House Majority Leader Ryan Winkler has defended the process that was used to prepare the Legislature’s COVID-19 response bill for last Thursday’s session, in which groupings of committee members met via conference call to craft sections of the bill. In order to stay within the open meetings law that covers the Legislature, the committee members broke up by party — the same types of caucus meetings permitted by the law even when the majority caucus contains a quorum of the House.

Only after lawmakers agreed on the provision in the bill did the House release a schedule of meetings that had already taken place. There were no minutes kept, no recordings made. The Senate was even less transparent, never really saying how it agreed on its version of the bill. Only during the debate over the bill did individual members reference conversations they had been involved with about it over the previous week.

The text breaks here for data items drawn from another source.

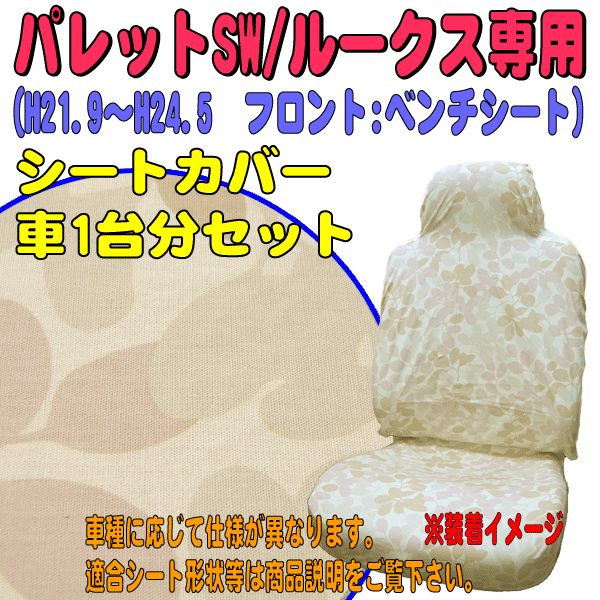 スズキ パレット・パレットSW(MK21S)/ニッサン ルークス(ML21S)専用シートカバー『リーフ柄』(ピンク)1台分セット[H21.9〜H24.5] M4-28
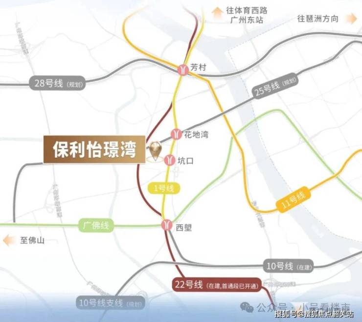 项目位于花地湾板块,就在东漖南路与东漖北路的交汇处,马路对面就是保利臻誉,相对臻誉,这里距离地铁会更近一点,步行去1号线坑口站约700米左右,经过多年发展,板块配套也很成熟了,居住人口也比较多,无论是商业还是学校,都是现成的,项目距离白鹅潭商圈也很近。
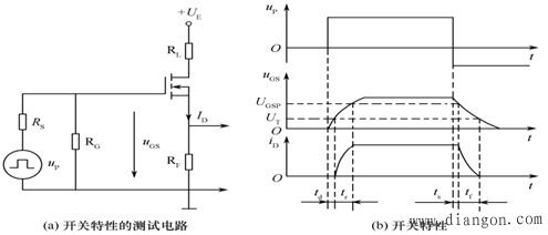 随着UGS增加,iD上升,从有iD到iD达到稳态值所用时间称为上升时间tr。开通时间ton可表示为
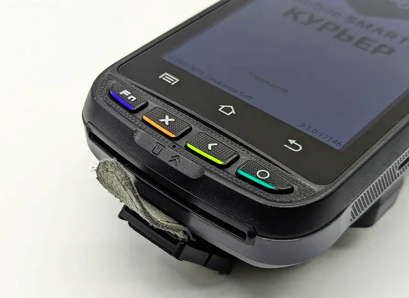 Есть 2 физические кнопки для сканирования ШК на боковом торце устройства (могут быть реализованы программно). Кроме них на торцах расположены кнопка питания, качелька громкости и программируемая клавиша. Между клавишей сканирования и питания расположена кнопка «Reset» для сброса параметров до заводских.

Not that any legislators needed to worry about the consequences had they violated the open meetings law. After all, there is no enforcement mechanism. “No court or administrative agency has jurisdiction to enforce, enjoin, penalize, award damages, or otherwise act upon a violation or alleged violation of this section, to invalidate any provision of law because of a violation of this section, or to otherwise interpret this section,” the law concludes.

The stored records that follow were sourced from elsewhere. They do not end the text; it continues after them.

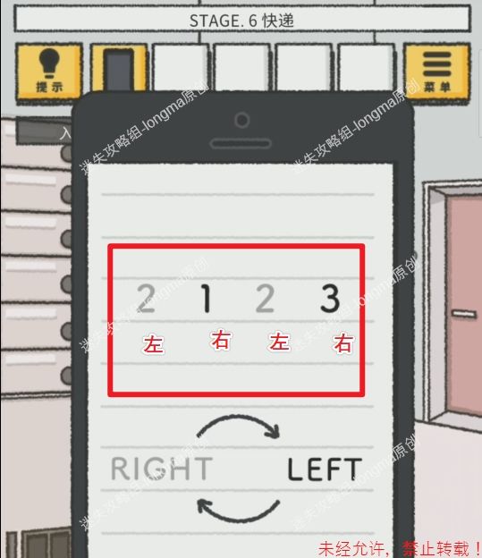 19.点击快递箱根据密码点击:左2、右1、左2、右3,得到快递。19
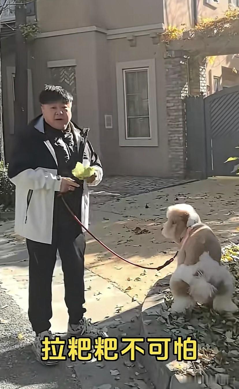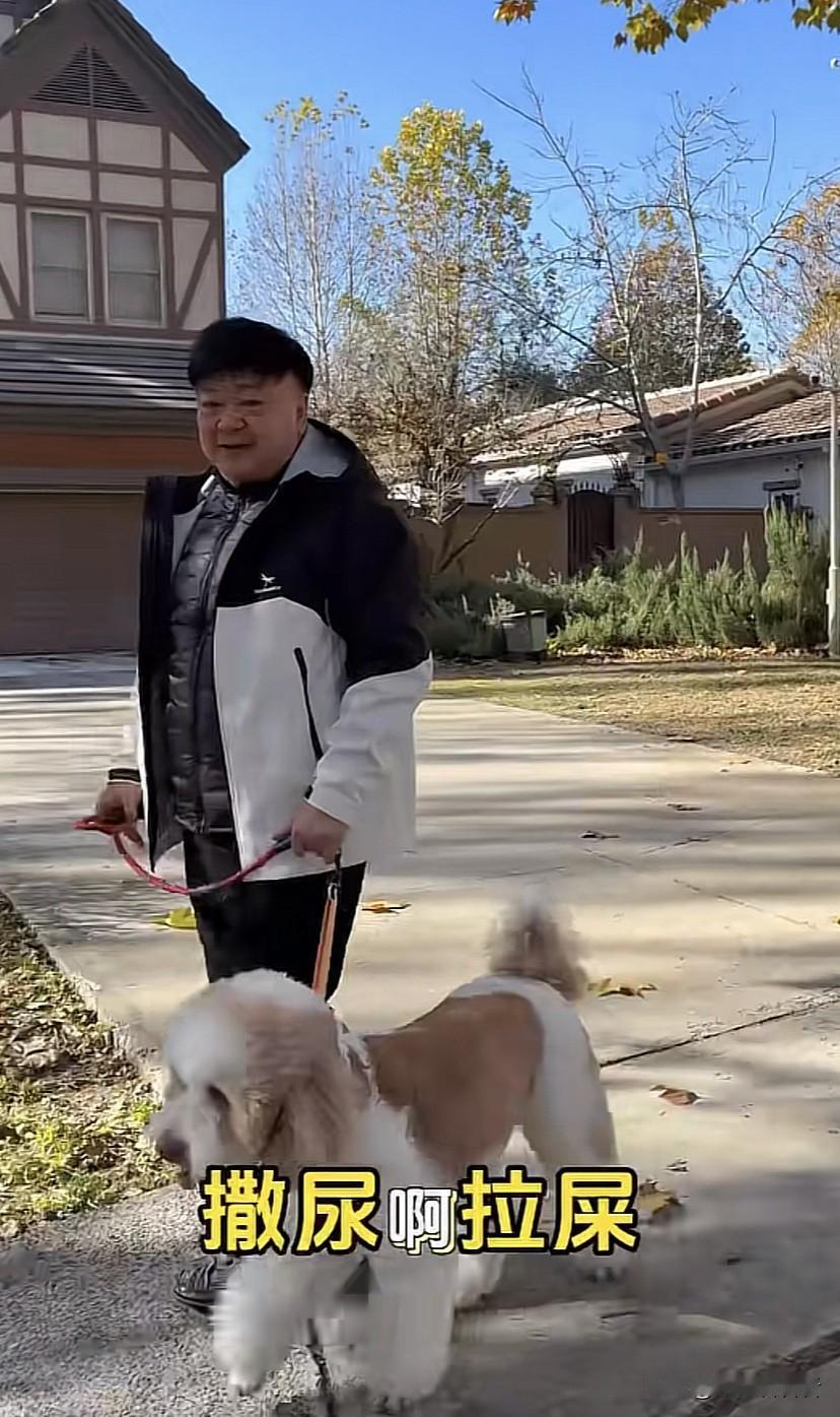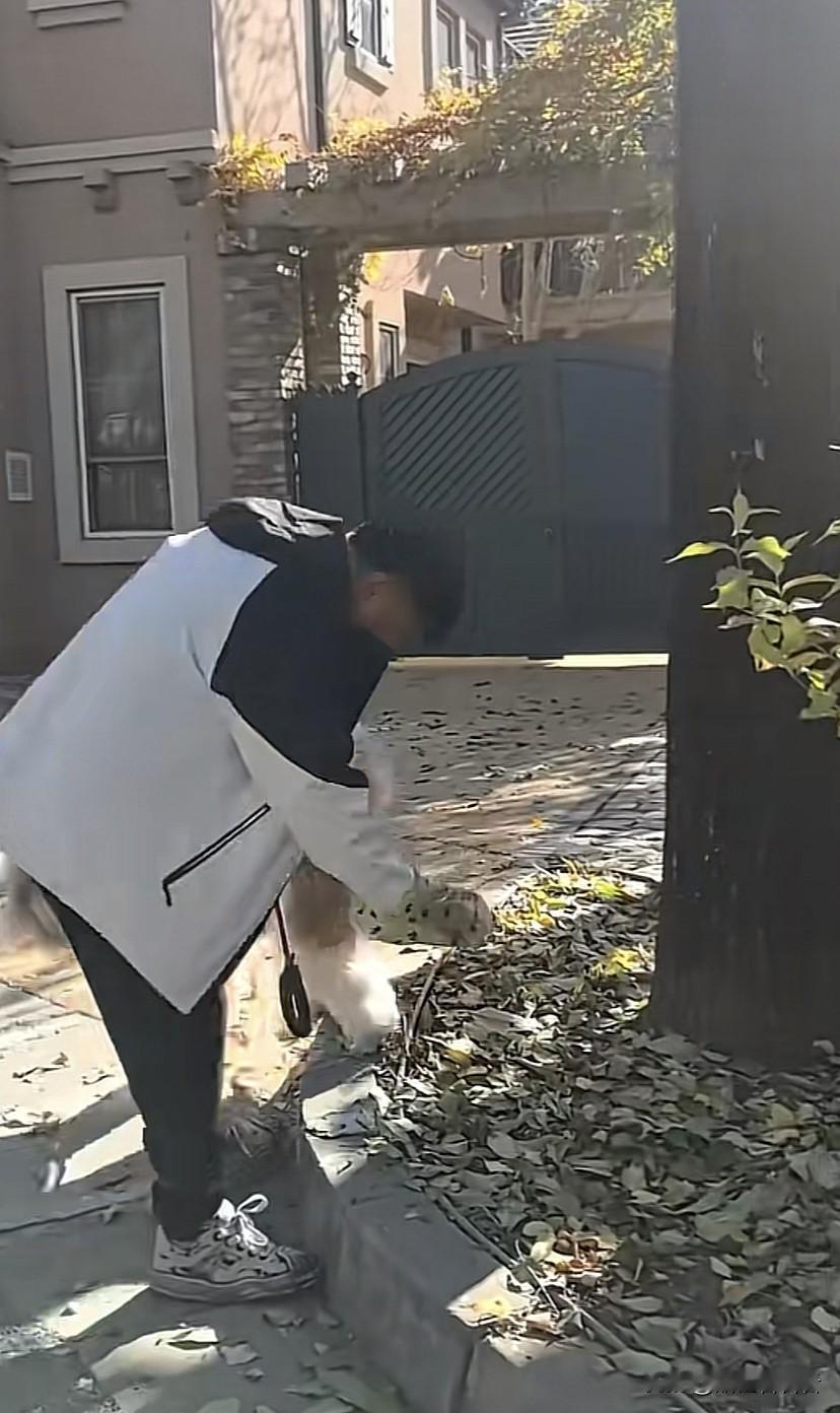 洪剑涛洪班长在自己家小区遛狗,看起来是一个很老的别墅区,房子像八九十年代的建筑,有小平房,也有两层小楼。 洪班长不拍戏没什么事的时候,就带着狗狗大顺出来散步,顺手带着清理粪便的塑料袋,随时准备做铲屎官。 洪班长的这只狗狗叫大顺,六六大顺的意思,毛茸茸的很漂亮,有人跟洪班长说话,它还站起来,和个小孩似的,很招人喜欢。
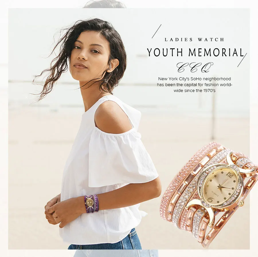 | [해외] 2017 CCQ 브랜드 패션 골드 크리스탈 타원형 다이얼 드레스 팔찌 시계 캐주얼 여성 광장 다이아몬드 럭셔리 여성 시계 시계 핫 |

On Wednesday, Winkler, a Golden Valley DFLer who is also chair of the Rules Committee, said the conference-calls meetings were to be used only during an emergency and noted that the rule change approved last week sunsets next January. “I do this work in this manner with great reluctance, but see no alternative,” he said. “We have to keep staff and legislators safe and health during this pandemic. We need to continue doing the work of the public. And we need to do so in an open and transparent manner as far as we can.”

He said the Rules Committee meeting was a test, and that a similar format will be used by other committees. “It bears repeating that we are only doing this because we are under extreme circumstances,” Winkler said. “This is not precedent-setting but it is a historic moment.”

A routine meeting. Sort of …

 Winkler led the call and showed the awkwardness it caused at the very start. “The committee staff has informed me that a quorum is present,” he said. 

The meeting itself was routine, with reports on human resources changes for the House to allow working from home and expanded sick leave rules. The committee also heard a staff description of the conference-calls process and a plan to employ video conferencing soon (the Senate will use Zoom for a meeting of a new working group to consider legislation during the current recess). One person testified. Questions from committee members were supposed to be sent to House staff via email for Winkler to ask. There were none.

Aside from holding it via conference call, there was another aspect that also wasn’t routine. A glitch with the closed captioning system struggled to translate the meeting, especially the names of committee members during two roll calls. And so: Rep. Pat Garofalo of Farmington became “Then The Grass Along,” Rep. Mike Howard of Richfield became “The Tentative Howard,” Rep. Lyndon Carlson of Crystal was “Representative Karl Can,” Representative Hodan Hassan of Minneapolis came up as “Representative Poke Fun.” and Rep. Gene Pelowski of Winona was displayed as “Representative Pull Out Game.”

Unfortunately, the closed captioning is not contained in the audio-video record of the meeting on the House website.

Comments (3)

  1. Submitted by Ray Schoch on 04/02/2020 - 01:02 pm.

    So… it almost works… Not confidence-inspiring at this point, but it’s early.

    On the other hand, what if it DOES work as intended at some point? What if legislators can do all the things they now do at the capitol from their homes or offices?

  2. Submitted by Susan Peterson on 04/02/2020 - 08:36 pm.

    I’m sorry, I know this is serious and important stuff, but the high point of the story for me was the closed captioning glitches…made me laugh out loud, and boy, I needed that!

  3. Submitted by Alan Straka on 04/03/2020 - 02:05 pm.

    Closed captioning errors are pretty common. We usually leave CC on and it has served as source of humor. It is understandable when done on the fly but happens even on recorded material where it would be a simple matter to fix the mistakes before releasing the video.